The expected output is every record below, transcribed exactly, with the pictures left out.

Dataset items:
*** Begin section ***

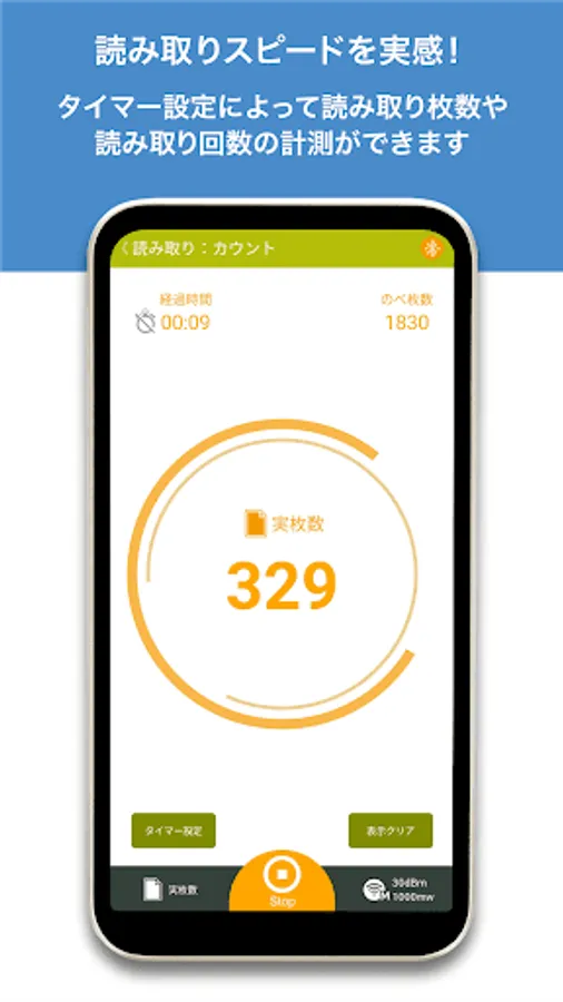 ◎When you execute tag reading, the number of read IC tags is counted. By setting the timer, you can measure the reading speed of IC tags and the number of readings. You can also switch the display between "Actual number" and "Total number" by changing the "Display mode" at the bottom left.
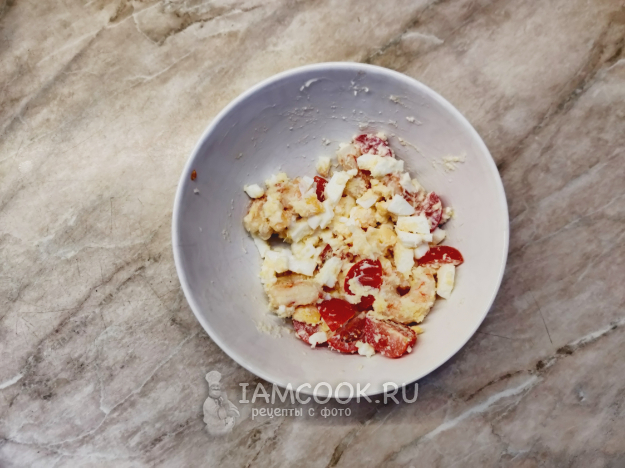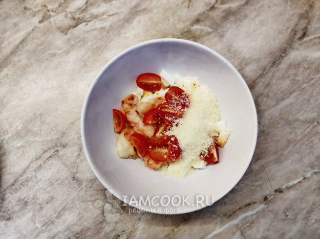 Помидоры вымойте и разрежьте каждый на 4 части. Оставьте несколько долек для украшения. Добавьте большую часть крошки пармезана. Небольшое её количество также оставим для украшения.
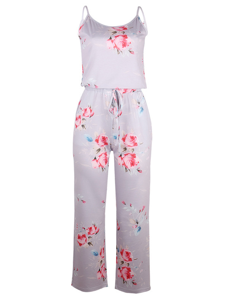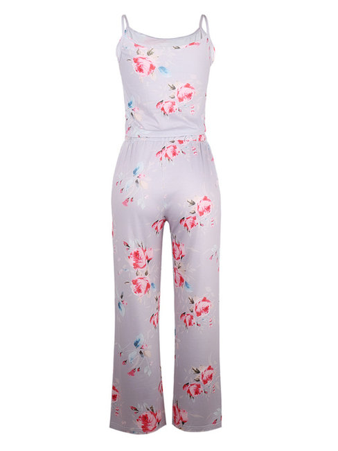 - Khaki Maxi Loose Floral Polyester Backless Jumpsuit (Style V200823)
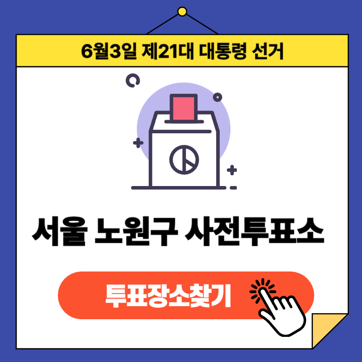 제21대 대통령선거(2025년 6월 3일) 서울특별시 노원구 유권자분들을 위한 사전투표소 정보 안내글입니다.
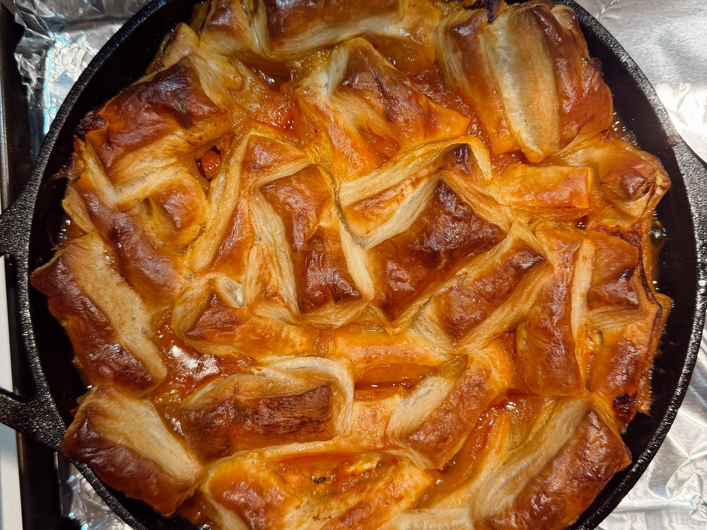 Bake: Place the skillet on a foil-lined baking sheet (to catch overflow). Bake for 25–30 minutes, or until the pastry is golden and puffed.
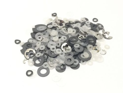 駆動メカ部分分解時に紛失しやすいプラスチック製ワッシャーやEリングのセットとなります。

*** End section ***

__Exercise solution__.
 ◎When you execute tag reading, the number of read IC tags is counted. By setting the timer, you can measure the reading speed of IC tags and the number of readings. You can also switch the display between "Actual number" and "Total number" by changing the "Display mode" at the bottom left.
 Помидоры вымойте и разрежьте каждый на 4 части. Оставьте несколько долек для украшения. Добавьте большую часть крошки пармезана. Небольшое её количество также оставим для украшения.
 - Khaki Maxi Loose Floral Polyester Backless Jumpsuit (Style V200823)
 제21대 대통령선거(2025년 6월 3일) 서울특별시 노원구 유권자분들을 위한 사전투표소 정보 안내글입니다.
 Bake: Place the skillet on a foil-lined baking sheet (to catch overflow). Bake for 25–30 minutes, or until the pastry is golden and puffed.
 駆動メカ部分分解時に紛失しやすいプラスチック製ワッシャーやEリングのセットとなります。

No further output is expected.